New York prepares Covid 19 plan for Back-to-School and Fall season surge

Governor Hochul announced that New York is working closely with public health experts to craft a Fall Action Plan to address the potential for seasonal COVID-19 surges later this year, as well as strategies to allow students to return safely to school this fall. She also announced a Request for Proposals has been released for an independent After-Action Review to assess the State’s COVID-19 response, identify what worked and what did not, and serve as a guide for all local governments planning emergency response efforts.

“Since day one, my top priority has been to keep New Yorkers safe, especially as we prioritize safely navigating forward through this pandemic,” Governor Hochul said. “My team is working around the clock to bolster our preparedness against future pandemic surges and other related public health emergencies both in the short-term and the long-term. We’ve made real progress in our fight against COVID-19, and we remain vigilant in making sure that New York State emerges stronger than ever before.”

As the pandemic progresses and continues to change, we must remain vigilant and be prepared for new strains as they emerge,” said Lieutenant Governor Antonio Delgado. “With students returning to school classrooms in the fall, we need to have a plan in place to address future variants.”

Fall planning will focus on addressing the below, but not limited to:

  • A Return to School strategy, including distributing 3 million tests to schools before the beginning of the school year.
  • Getting more New Yorkers vaccinated & boosted, including the ability to stand up mass vaccination sites again if the need arises.
  • Encouraging New Yorkers to test early, test often.
  • Promoting more access to treatment and therapeutics, including a recently launched statewide hotline for New Yorkers who may not have immediate access to healthcare professionals, as well as an ongoing commitment to support New Yorkers struggling with the effects of Long COVID
  • Readying stockpile of personal protective equipment (PPE), including 20 million tests ready to deploy where needed.
  • Strengthening our hospital systems, including preparations to ramp up the State’s Surge Operations Center in the event they are needed
  • Coordinating with federal and local partners.

Governor Hochul’s presentation on the Fall Action Plan is available here.

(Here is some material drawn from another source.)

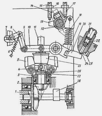 1 — ведущая шестерня; 2 — ведомая шестерня; 3 — шайба блокировки вала регулятора; 4 — стугрща регулятора; 5 — груз регулятора; 6 — пружина пуска; 7 — дозатор; 8 — тяга; 9 — эксцентриковый палец; 10 — основной рычаг регулятора; 11— вал регулятора; 12 —ось рычага управления; 13 — рычажная втулка; 14 — рычаг управления регулятором; 15 — ВИНТ «СТОП»; 16 — контргайка; 17 — винт максимальных оборотов; 18 — пружина регулятора; 19 — ось рычага корректора; 20 — рычаг корректора; 21 — регулировочный вннт корректора; 22 —пружина корректора; 23 — корпускорректора; 24 — шток корректора; 25 — муфта регулятора; 26 — демпферная пружина; 27 — штифт; 28 — вал привода подкачивающего насоса. Соединительная ось серьги пружины удерживает рычаг 20 корректора в проушинах основного рычага. Данное соединение выполнено с определенным зазором, допускающим независимое движение основного рычага под действием пружины 6 пуска в сторону дополнительного увеличения подачи топлива при пуске дизеля. Ступица 4 регулятора связана с валом 11 регулятора через демпферную пружину 26, шайбу 3 блокировки и штифт 27. Такое соединение обеспечивает снятие динамических нагрузок и колебаний, передающихся от привода насоса, и исключает возможность разноса дизеля при поломке пружины. На верхнем торце вала 11 регулятора нанесена риска, а в крышке имеется лимб 14, необходимый для установки или проверки правильности распределения. При работе дизеля Д-144 трактора Т40 всякое изменение нагрузки приводит к изменению частоты вращения коленчатого вала. Грузы, преодолевая натяжение пружины регулятора, расходятся под действием центробежных сил с увеличением частоты вращения или же сходятся при ее снижении. Отклонение грузов вызывает перемещение муфты 25 и основного рычага 10, которое передается через систему рычагов к дозатору. Подача топлива при этом уменьшается или увеличивается, в результате чего обеспечивается заданная частота вращения коленчатого вала дизеля.

The Review will accomplish the following objectives:

  • Review the State’s COVID-19 response.
  • Identify strengths, best practices, as well areas where policies were deficient in meeting the public’s needs and identify key lessons to improve public health preparedness and response.
  • Report the key findings in a structured and timely manner and provide clarification as needed.
  • Provide key recommendations and prioritize or categorize those recommendations.
  • Prepare a planning guide for the State for use in a future emergency, including identification of the first steps the State should take when an emergency overwhelms existing plans on the level of Covid-19 occurs and recommendations on how to approach and guide executive decision making.
  • Recommendations should be specific, feasible, time bound, measurable, and adequately translated into an action plan(s).

The Review will focus on the following major areas of the State’s COVID response, including but not limited to:

  • Review policies and guidance on the management of hospitals and in-patient facilities in light of the pandemic’s demands, including which medical procedures could and should continue.
  • Review policies and guidance for the transfer of individuals, particularly the most vulnerable individuals, into congregate settings, including homeless shelters, group homes, nursing homes, jails and prisons, and which entities are most qualified to make those decisions and the efficacy of infection controls within those entities.
  • Review policies and guidance for the shutdown and reopening of educational institutions, and how early childhood, school age, special education and post-secondary educational programs were handled during COVID-19 and how they should be handled in a future emergency.
  • Factors for determining which businesses, industries, and functions should be considered essential and for what purposes.
  • The securing and procurement of essential goods and services to meet New Yorkers’ needs.
  • The protection needed for essential workers in the workplace, and programs and services needed by these workers, who are often from low-income communities of color.
  • Coordination among and between the State and its federal and local counterparts, including relationships with mayors, county leaders and other elected officials.
  • Effective education and communication with the public, including the sharing of data and other information.
  • Staffing and expertise needed to plan and implement emergency procedures and specific functions that must be fulfilled.